I used to hear that the japanese speedcubing kit is basically the new mold of Rubik's DIY, and that they will be selling them after the current stock is sold out.


----------



## n00bcubix (Apr 26, 2008)

woah cool harris  I want a japanese GODLY speedcubing kit


----------



## ccchips296 (Apr 26, 2008)

lol GODLY i dont think theyre that amazing ... btw, are the rubiks DIYs the same ones they sell at cube4you here: http://www.cube4you.com/200_Rubiks-3x3-Assembly-Cube.html
cause i wanna get one but i also wanna get other cubes from cube4you and to save postage i figured id get it from cube4you instead of rubiks.com


----------



## 36duong (Apr 26, 2008)

I would get one from Cube4You, but I have had a bad experience with them. Then again, Intl shipping in the Rubik's Store is 20 bucks. Anyway, that Japanese speedcubing set, it just looks like a store bought with screws instead of rivets.


----------



## Leviticus (Apr 26, 2008)

I have the japanese speedcubing kit and its really good


----------



## Rama (Apr 26, 2008)

Harris Chan said:


> I used to hear that the japanese speedcubing kit is basically the new mold of Rubik's DIY, and that they will be selling them after the current stock is sold out.



They already do, I ordered three of them.

1st one I trew up the stairs and all the pieces popped out, two pieces are still on the stairs after a month.

2nd one I let drunk people play with it in the disco and it dropped and popped a million times and then I also trew it up the stairs, but it fell from the stairs. <-- I am sure the screw aren't that straight anymore. 

3rd one well I took the screws, springs and then kernel and just used my old 2006 DIY blocks and now it ''OK''.

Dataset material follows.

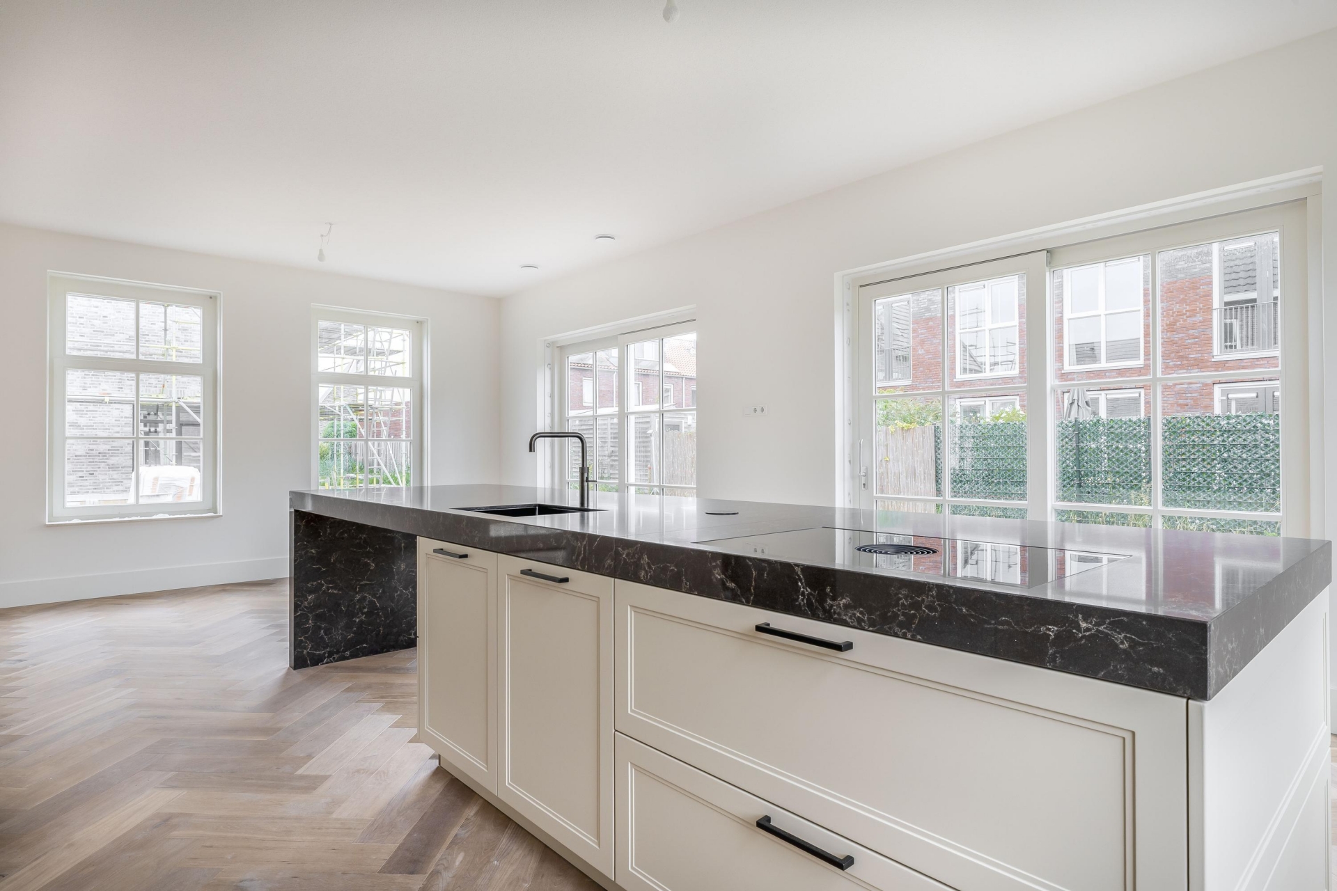 Welkom in de prachtige, royale hal met een doorkijk naar de tweede verdieping – een entree die direct indruk maakt! Vanuit hier bereikt u de moderne toiletruimte met vrijhangend closet en fonteintje, de technische ruimte met o.a. de warmtepomp en meterkast. Vanuit de hal heeft u toegang tot de lichte en ruime woonkamer. De moderne keuken, gelegen aan de andere zijde van de woning, is voorzien van een stijlvol kook- en spoeleiland en uitgerust met luxe inbouwapparatuur zoals een combi-oven, stoomoven, inductiekookplaat, koelkast, vriezer en vaatwasser. Via de grote schuifdeuren stapt u zo de zonnige tuin in, waar u volop kunt genieten van rust en ruimte. Aan de voorzijde van de woning zal je in de toekomst over twee eigen parkeerplaatsen naast elkaar beschikken. De begane grond is geheel voorzien van comfortabele vloerverwarming.

I don't like the new mold cubes, they are loose, but they cannot cut corners and they keep popping and it´s the same story for the Japanese Speedcubing-kit only there you are certain that the screws are screwed in straight into the kernel.


----------



## hdskull (Apr 26, 2008)

Hasn't the Rubik's.com store always been open ?


----------



## Lofty (Apr 26, 2008)

Oh No!!! What did you do to your cubes Rama!?! You should have sent the cubes to me instead of the stairs...


----------



## Rama (Apr 26, 2008)

Lofty said:


> Oh No!!! What did you do to your cubes Rama!?! You should have sent the cubes to me instead of the stairs...



I don't complain very fast when it comes about cubes, I know that every cube needs to be broken in, but I played with the first cube for two months straight and still it turned like 'garbage'.


----------



## Harris Chan (Apr 27, 2008)

I won some DIYs at C3 a week ago, and those certainly were the same old mold. Do you think that if I order one now, I'll get a new mold one Rama? They all shipped from Canada, right? So if you ordered from Europe you'll get the same thing as if I ordered it from Canada? I just wanted to make sure lol


----------



## 36duong (Apr 27, 2008)

hdskull said:


> Hasn't the Rubik's.com store always been open ?



No, the site was re-designed and they closed the shop for a month


----------